**Exercise**. I would like you to output every record below exactly, apart from the pictures.
Segment Start: Stored data
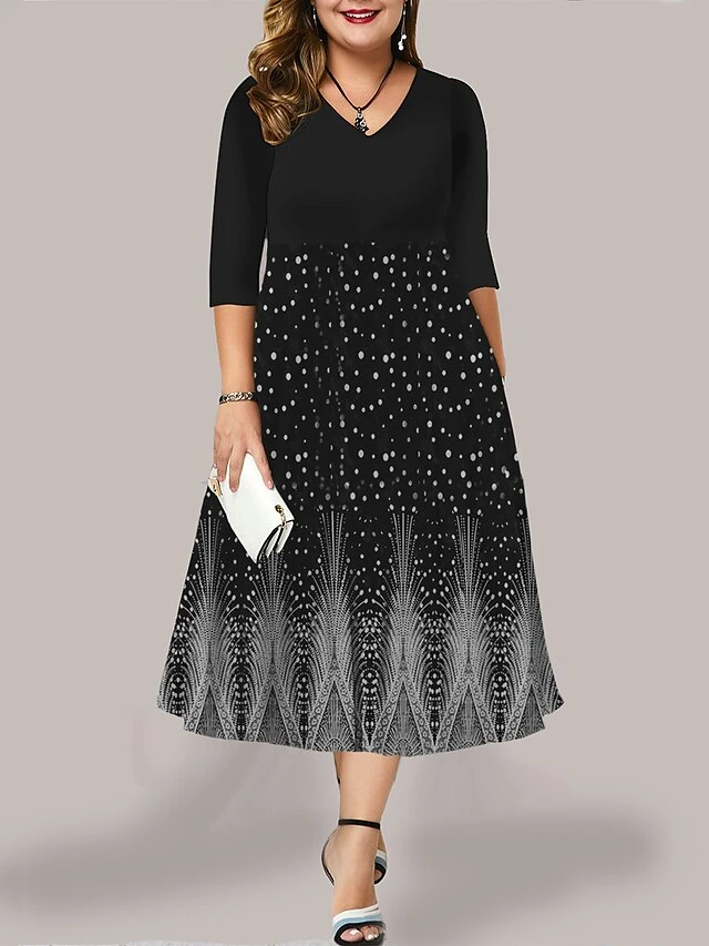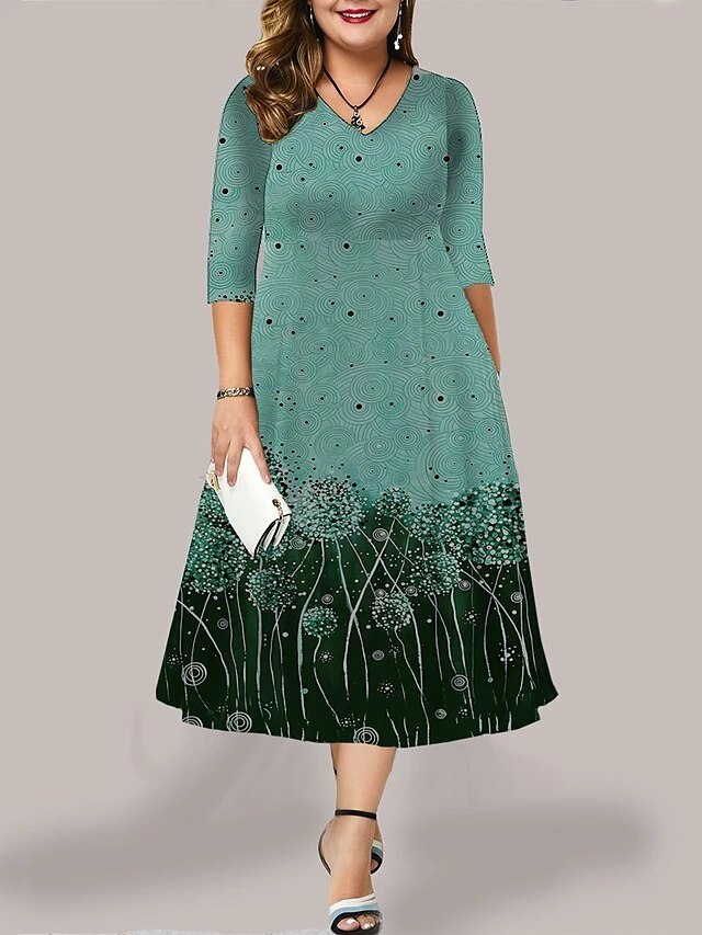 Women’s Plus Size Curve Casual Dress Work Dress Swing Dress Floral Long Dress Maxi Dress 3/4 Length Sleeve Pocket Print V Neck Fashion Outdoor Black Blue Fall Winter L XL XXL 3XL 4XL
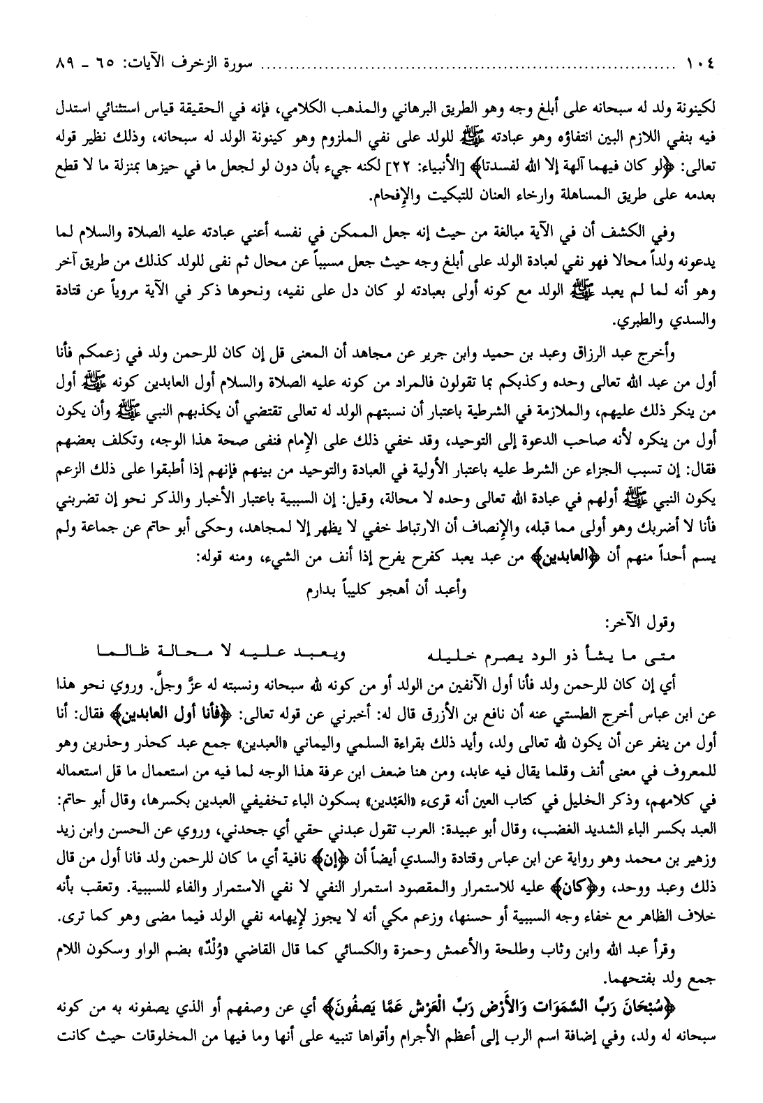 لكينونة ولد له سبحانه على أبلغ وجه وهو الطريق البرهاني والمذهب الكلامي، فإنه في الحقيقة قياس استثنائي استدل فيه بنفي اللازم البين انتفاؤه وهو عبادته صلّى الله عليه وسلّم للولد على نفي الملزوم وهو كينونة الولد له سبحانه، وذلك نظير قوله تعالى: لَوْ كانَ فِيهِما آلِهَةٌ إِلَّا اللَّهُ لَفَسَدَتا [الأنبياء: 22] لكنه جيء بأن دون لو لجعل ما في حيزها بمنزلة ما لا قطع بعدمه على طريق المساهلة وإرخاء العنان للتبكيت والإفحام.
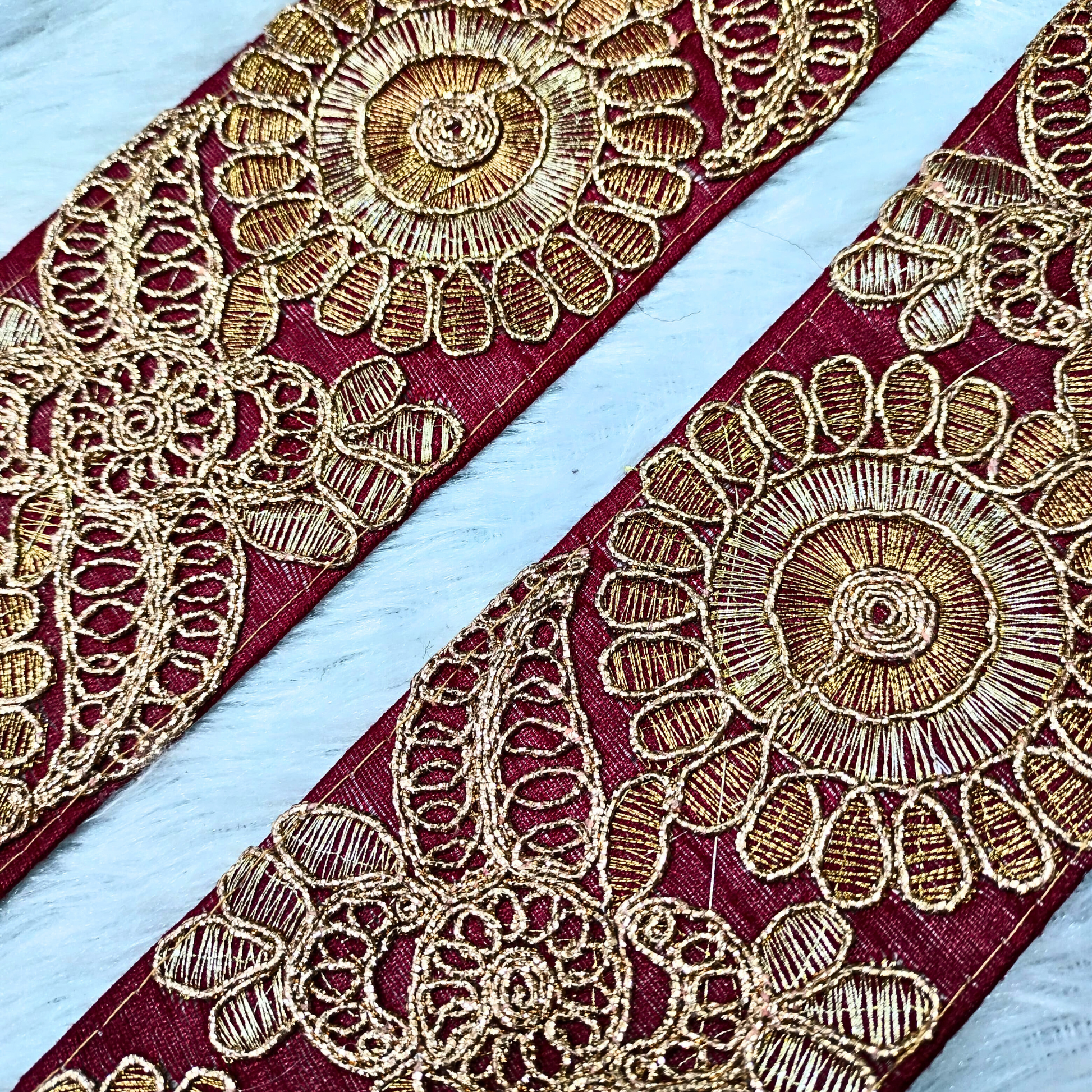 Maroon Fancy Zari and Thread Work Embroidered Border
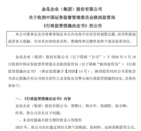 4月10日晚间, 金花股份 (SH600080,股价8.94元,市值33.37亿元)公告称,公司收到陕西证监局《行政监管措施决定书》和上海证券交易所纪律处分决定书。监管认定, 金花股份 存在“未及时披露关联方期间资金占用”“财务核算不规范”的违规行为。
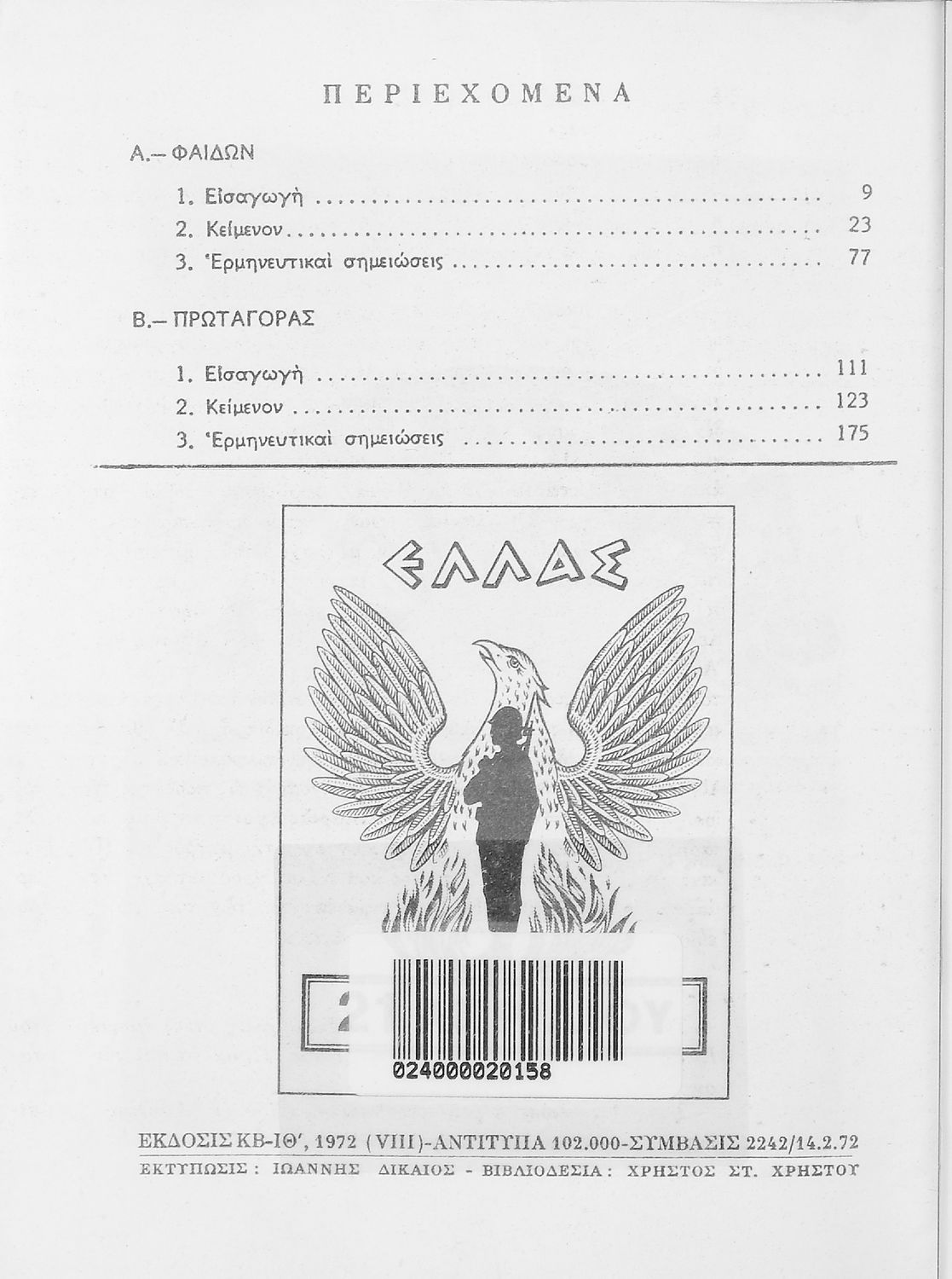 Τίτλος: Πλάτωνος Διάλογοι Φαίδων - Πρωταγόρας ΣΤ΄ Γυμνασίου
Segment End: Stored data
**Response to the exercise**.
 Women’s Plus Size Curve Casual Dress Work Dress Swing Dress Floral Long Dress Maxi Dress 3/4 Length Sleeve Pocket Print V Neck Fashion Outdoor Black Blue Fall Winter L XL XXL 3XL 4XL
 لكينونة ولد له سبحانه على أبلغ وجه وهو الطريق البرهاني والمذهب الكلامي، فإنه في الحقيقة قياس استثنائي استدل فيه بنفي اللازم البين انتفاؤه وهو عبادته صلّى الله عليه وسلّم للولد على نفي الملزوم وهو كينونة الولد له سبحانه، وذلك نظير قوله تعالى: لَوْ كانَ فِيهِما آلِهَةٌ إِلَّا اللَّهُ لَفَسَدَتا [الأنبياء: 22] لكنه جيء بأن دون لو لجعل ما في حيزها بمنزلة ما لا قطع بعدمه على طريق المساهلة وإرخاء العنان للتبكيت والإفحام.
 Maroon Fancy Zari and Thread Work Embroidered Border
 4月10日晚间, 金花股份 (SH600080,股价8.94元,市值33.37亿元)公告称,公司收到陕西证监局《行政监管措施决定书》和上海证券交易所纪律处分决定书。监管认定, 金花股份 存在“未及时披露关联方期间资金占用”“财务核算不规范”的违规行为。
 Τίτλος: Πλάτωνος Διάλογοι Φαίδων - Πρωταγόρας ΣΤ΄ Γυμνασίου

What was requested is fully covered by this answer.